Social Life
Wisconsin Citizen Petition Exhibit
In Wisconsin's early years, most of the wealth generated through trade, manufacturing, and land sales was directed toward construction projects and land investment, leaving few resources to develop social and intellectual institutions. Despite the more practical and functional economic objectives of Wisconsin's early white settlers, many quickly expressed an underlying concern for cultural and social improvement.
School the Deaf
Exterior view of the main building of the School for the Deaf View the original source document: WHI 25749
Petitions surrounding the foundation of discussion groups, libraries, agricultural societies, and most importantly, schools rapidly gained popularity. Many of the New Englanders among Wisconsin's white settlers were shocked at the condition of Wisconsin's schools and ardently supported the creation of a public education system. Towns petitioned for the building of school houses and the land to build them on using community funds. Communitites passed taxes to construct schoolhouses, petitions for land grants for universities, and founded academic institutions for the education of the blind and the institution which became the School for the Deaf.
Carroll College
View of a building at Carroll College, 1850 View the original source document: WHI 37213
By 1848, the Wisconsin legislature had incorporated four private colleges: Carroll College, Beloit College, Lawrence Institute (now Lawrence University), and Sinsinawa Mound College.
Religion was a large part of social life in early white settlements. Petitions on moral questions such as temperance, abolition, abortion, and divorce regularly cited the protection of Christian ideals. Many citizens petitioned against laws that could allow the state to interfere with parochial schools and violate the separation of church and state, while others petitioned to remove tax exemptions from religious organizations. The German Evangelical Lutheran Trinity community of the city of Sheboygan petitioned to remain tax exempt.

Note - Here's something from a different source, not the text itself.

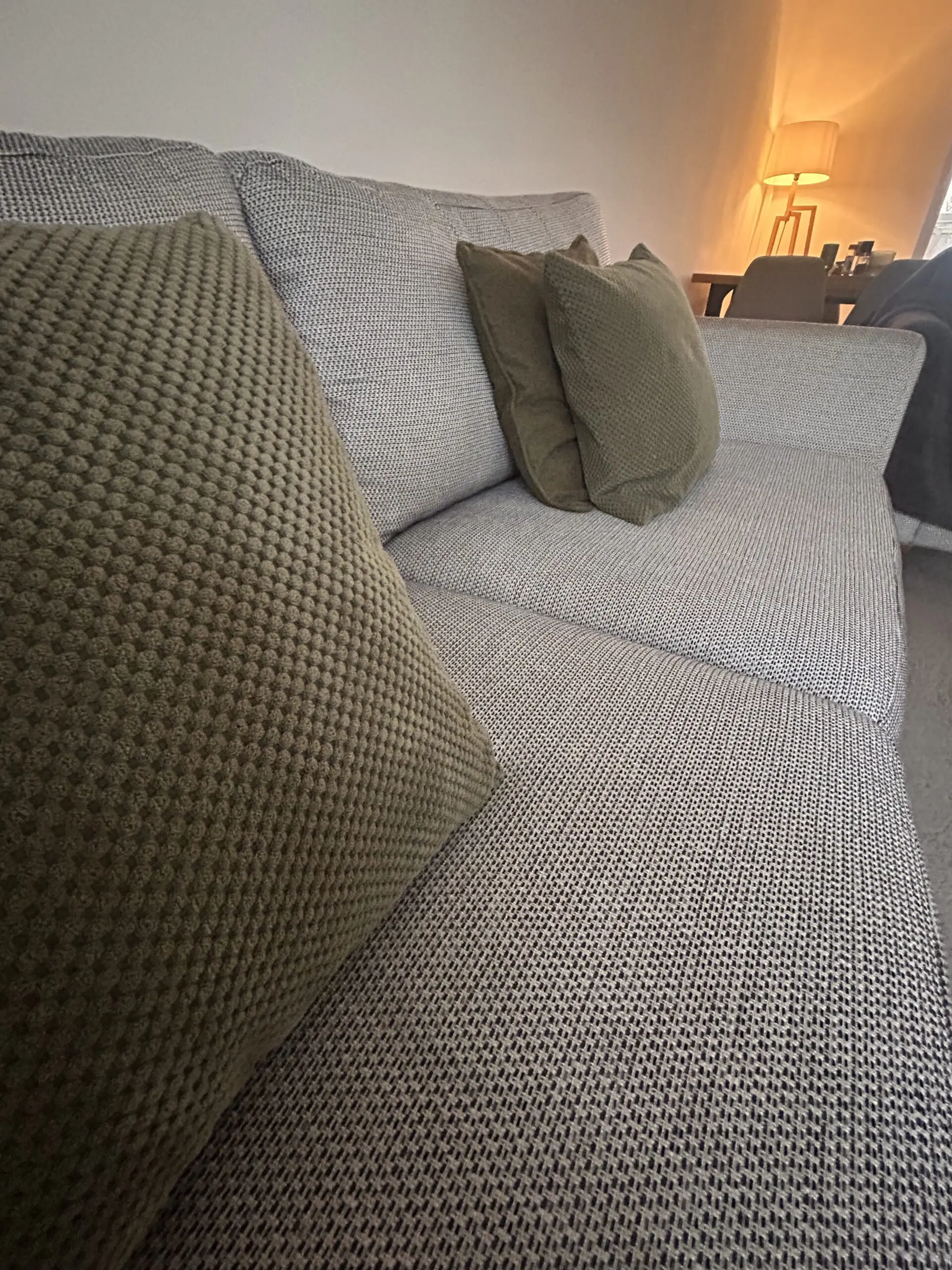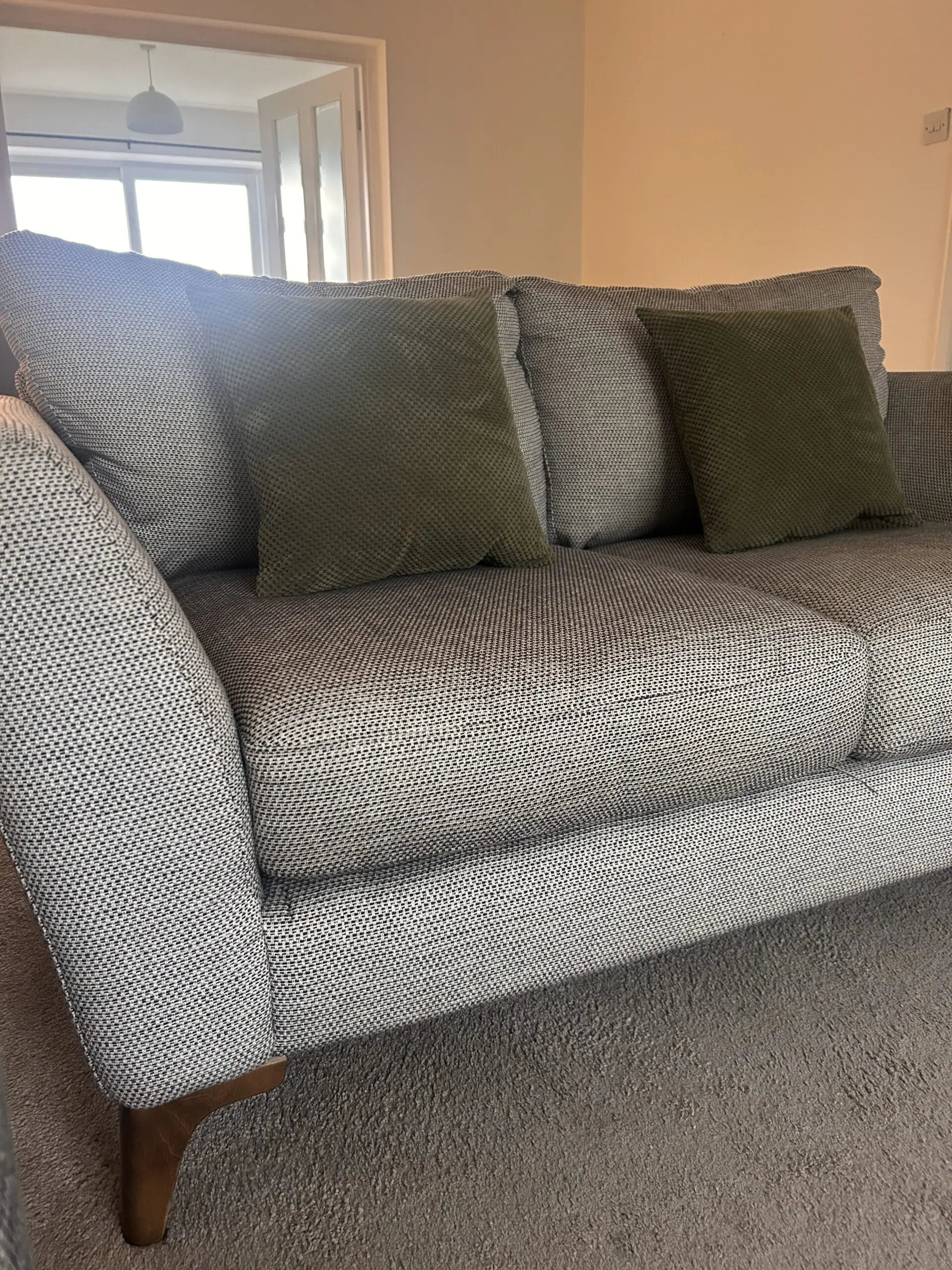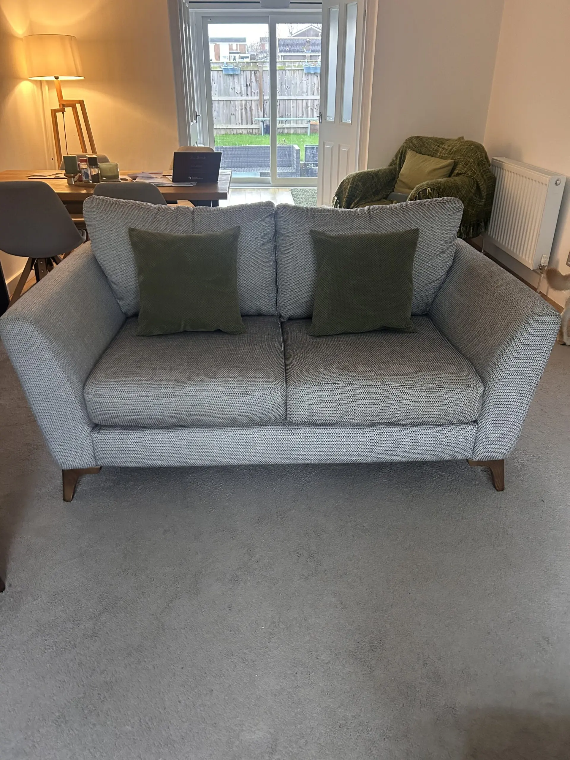 Bought in 2021, these timeless Libby chic-design sofas are in good condition. Charcoal heavy basket weave pattern. Two seater rarely used so as good as new.

Citizens constructed hospitals, shelters for indigent residents, and mental health institutions preceding the Mendota Mental Health Center, Winnebago Mental Health Center. Communities also aggressively petitioned for laws regulating medical care and treatment of prisoners. Wisconsin elimited the death pentaly in 1853 following legislative action by Christopher Latham Sholes of Kenosha and Marvin H. Bovee, as well as citizen petitions on the topic.
Urban communities also took steps to legislate marital conduct and formalize family law legal processes. Husbands and wives did not hesitate to petition the legislature for divorces over all manners of improper conduct, including spousal abandonment, intemperance, adultery, and abuse. The legislature also responded to requests for name changes, legal adoptions, and inheritance rights.